Мужчины вежливо поднялись со своих мест, чтобы поздороваться с ним. Старик задрожал. Но он чувствовал близость дочери, ее теплую ласку, и это лишало его решимости. Воля его была сломлена, и он пожал одну за другой протянутые руки, молча сел, достал сигару и с ожесточением впился зубами в мягкую табачную массу. Прерванный было разговор на французском языке, сопровождаемый взрывами смеха, возобновился.
Старик сидел, съежившись, молча, и с такой силой грыз сигару, что коричневый сок окрасил его зубы. «Они правы… тысячу раз правы… — думал он. — Он может плюнуть мне в лицо… ведь я пожал ему руку!.. Я же знаю, что один из них и есть тот негодяй… а я спокойно сижу с ним за одним столом… Я его не убил, даже не ударил… нет, я вежливо подал ему руку… Они правы, совершенно правы, если смеются надо мной. И как они разговаривают в моем присутствии, будто меня вовсе нет… будто я уже лежу в земле!.. И ведь обе они — и Эрна и ее мать — прекрасно знают, что я не понимаю ни слова по-французски… обе это знают… обе, и ни одна из них не обратится ко мне хотя бы только для виду, чтобы мне не казаться таким смешным, таким ужасно смешным… Они стараются не замечать меня… я для них только неприятный придаток, что-то лишнее, мешающее им… они стыдятся меня и терпят только потому, что я даю деньги… О, эти деньги, эти грязные, гнусные деньги, которыми я их испортил… эти деньги, над которыми тяготеет божье проклятье… Хоть бы слово сказали мне моя жена, родная дочь, хоть бы слово… Только на этих зевак глядят они, на этих разряженных, вылощенных кретинов… и как они хохочут, чуть не визжат, слушая их… А я… все это я терплю… сижу, слушаю, как они смеются, ничего не понимаю и все-таки сижу, вместо того чтобы стукнуть кулаком… поколотить бы их этой палкой, разогнать, раньше чем они начнут безобразничать на моих глазах… Все это я позволяю, сижу и молчу, как дурак… трус… трус… трус!»
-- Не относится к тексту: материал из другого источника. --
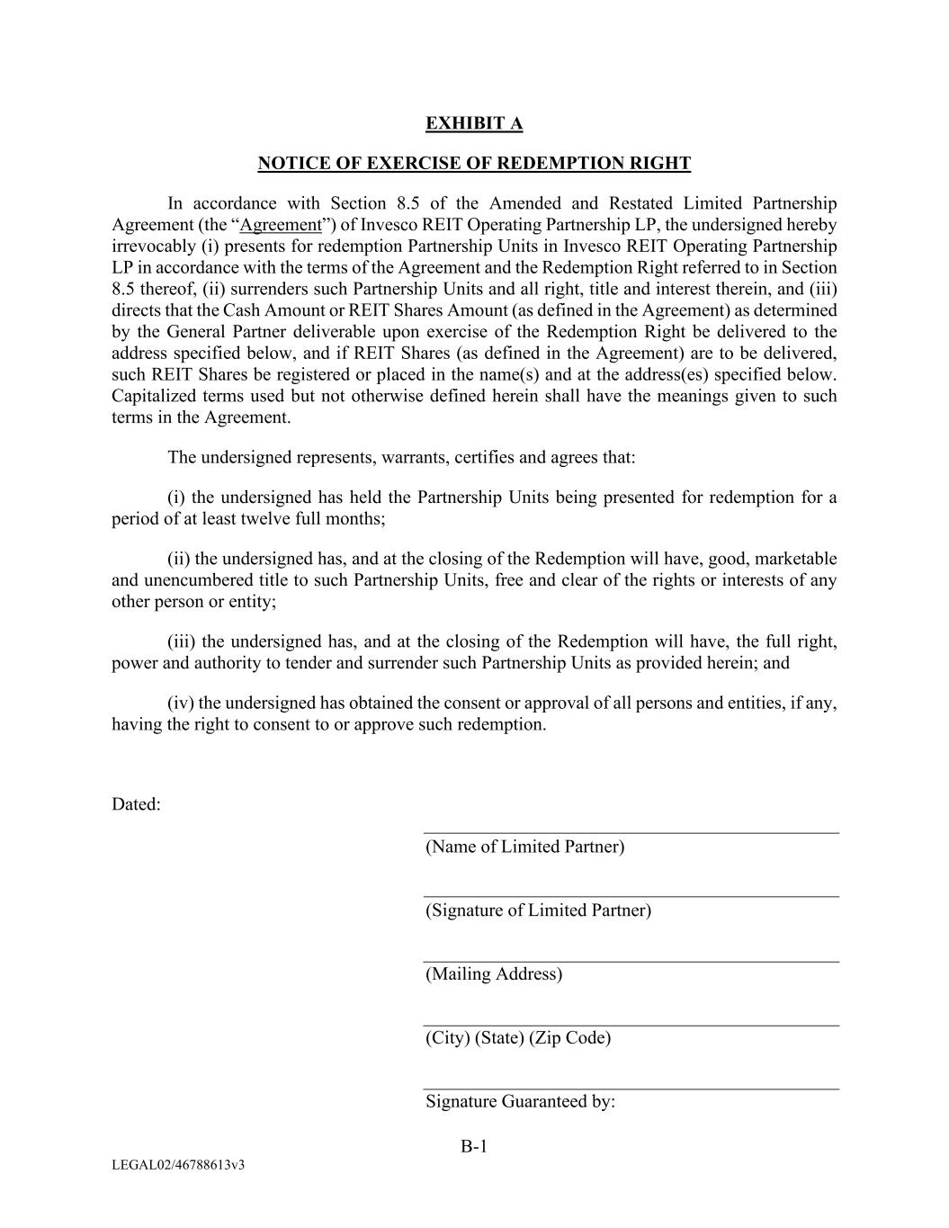 B-1 LEGAL02/46788613v3 EXHIBIT A NOTICE OF EXERCISE OF REDEMPTION RIGHT In accordance with Section 8.5 of the Amended and Restated Limited Partnership Agreement (the “Agreement”) of Invesco REIT Operating Partnership LP, the undersigned hereby irrevocably (i) presents for redemption Partnership Units in Invesco REIT Operating Partnership LP in accordance with the terms of the Agreement and the Redemption Right referred to in Section 8.5 thereof, (ii) surrenders such Partnership Units and all right, title and interest therein, and (iii) directs that the Cash Amount or REIT Shares Amount (as defined in the Agreement) as determined by the General Partner deliverable upon exercise of the Redemption Right be delivered to the address specified below, and if REIT Shares (as defined in the Agreement) are to be delivered, such REIT Shares be registered or placed in the name(s) and at the address(es) specified below. Capitalized terms used but not otherwise defined herein shall have the meanings given to such terms in the Agreement. The undersigned represents, warrants, certifies and agrees that: (i) the undersigned has held the Partnership Units being presented for redemption for a period of at least twelve full months; (ii) the undersigned has, and at the closing of the Redemption will have, good, marketable and unencumbered title to such Partnership Units, free and clear of the rights or interests of any other person or entity; (iii) the undersigned has, and at the closing of the Redemption will have, the full right, power and authority to tender and surrender such Partnership Units as provided herein; and (iv) the undersigned has obtained the consent or approval of all persons and entities, if any, having the right to consent to or approve such redemption. Dated: (Name of Limited Partner) (Signature of Limited Partner) (Mailing Address) (City) (State) (Zip Code) Signature Guaranteed by:
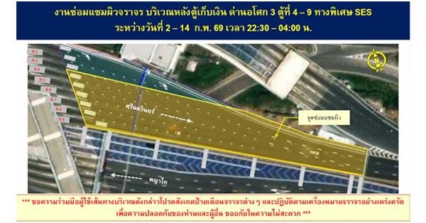 มิติหุ้น – บริษัท ทางด่วนและรถไฟฟ้ากรุงเทพ จำกัด (มหาชน) หรือ BEM ประชาสัมพันธ์แจ้งเบี่ยง การจราจร บริเวณหลังตู้เก็บเงินด่านอโศก 3 ตู้ที่ 4-9 ทางพิเศษศรีรัช เนื่องจากมีความจำเป็นต้องซ่อมแซมผิวจราจร เพื่อความปลอดภัยของผู้ใช้ทาง โดยผู้ใช้ทางยังสามารถสัญจรได้ตามปกติ

— Разрешите, — сказал на ломаном немецком языке итальянский офицер и потянулся к зажигалке.
Старик, пробужденный от глубокого раздумья, вздрогнул и бросил яростный взгляд на ничего не подозревавшего офицера. На мгновенье неистовый гнев овладел им, и он судорожно сжал в кулаке палку. Но тотчас губы его скривились и расплылись в бессмысленной усмешке: — О, я разрешаю, — повторил он резким, срывающимся голосом. — Конечно, я разрешаю, хе-хе… все разрешаю… все, что только хотите… хе-хе… все… все, что у меня есть, к вашим услугам… со мной можно себе все позволить…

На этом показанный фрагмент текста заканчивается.